今回はADCが備えるさまざまな機能の中でも、これまで紹介してきたものとはちょっと毛色の異なる技術を取り上げてみたい。これまで紹介してきた「負荷分散」「攻撃防止」「認証」といった機能は、どれも不特定多数のクライアントから特定のアプリケーションに対するアクセス、つまり企業システムへの「インバウンド」のアクセスに関するものだった。それに対して今回紹介する技術は、社内ネットワークに接続された特定のクライアントからインターネットに存在する不特定多数のアプリケーションに対する「アウトバウンド」のアクセスに関するものだ。

脅威が増すインターネットアクセスの現実

ビジネスにおけるインターネットの位置付けはこの数年間で大きく様変わりした。かつてインターネット活用といえば、せいぜい電子メールとWebサイトを使った情報収集程度に限定されていた。しかしここ5年ほどの間で、さまざまなクラウドサービス、SNSがコンシューマー市場で爆発的に普及し、そしてその波は今や企業ITの世界にも押し寄せている。現に多くの企業が業務システムをクラウドサービスで調達したり、あるいはコンシューマー向けサービスをそのまま業務利用したりするケースが出てきた。

こうした新たな動きは、業務の利便性を大幅に向上させる半面、企業に新たな課題を突きつけることになった。すなわち、インターネット上のサービスへの不用意なアクセスに起因する情報漏えいやマルウェア感染のリスク、また業務に関係しないインターネットアクセスの増大だ。米国の人事コンサルティング企業Salary.comの調査によれば、一般的な企業の従業員は、総労働時間の60~80%を仕事とは関係がないインターネットアクセスに費やしているという。またマルウェアに感染させる手法も、以前と比べてより手の込んだものになっている。以前であればユーザーがマルウェアに感染しているサイトへ直接アクセスしなければ感染のリスクは低かったが、最近はマルウェアに感染していないサイトにアクセスしても、感染してしまうケースが急増している。

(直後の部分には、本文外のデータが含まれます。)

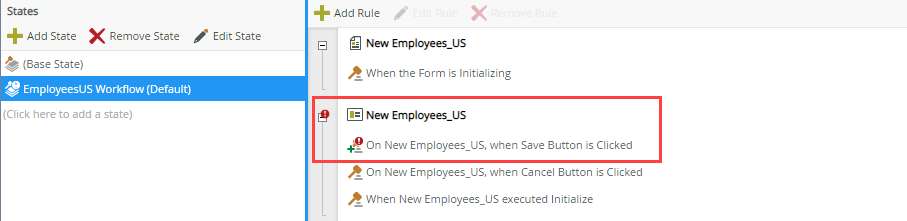 3. Select New Employees_US > On New Emplyoees_US, when Save Button is Clicked

2014年に日本で起きた事例として、観光客向けWebサイトの例を紹介しよう。まず攻撃者は、WebサイトにあったSQLインジェクションの脆弱性を突き、ページを改ざん。改ざんの内容はWebページにIFRAMEタグを使ったHTMLコードを埋め込むものだった。IFRAMEタグを使うと、HTMLファイルの中にフレームを作って、その中に別のWebサイトのHTMLファイルを表示させることができる。この仕組みを悪用し、ユーザーからアクセスがあると、ユーザーが気づかない間に脆弱性を攻撃するプログラムが仕掛けられたエクスプロイトサイトにアクセスさせる。このケースでは、エクスプロイトサイトにはIE 9の脆弱性を悪用して不正コードをインストールさせるためのプログラムが埋め込まれていた。このプログラムは、オンラインバンキングへのアクセスをクライアント端末上で監視し、IDやパスワードなどの情報を盗もうとするものだ。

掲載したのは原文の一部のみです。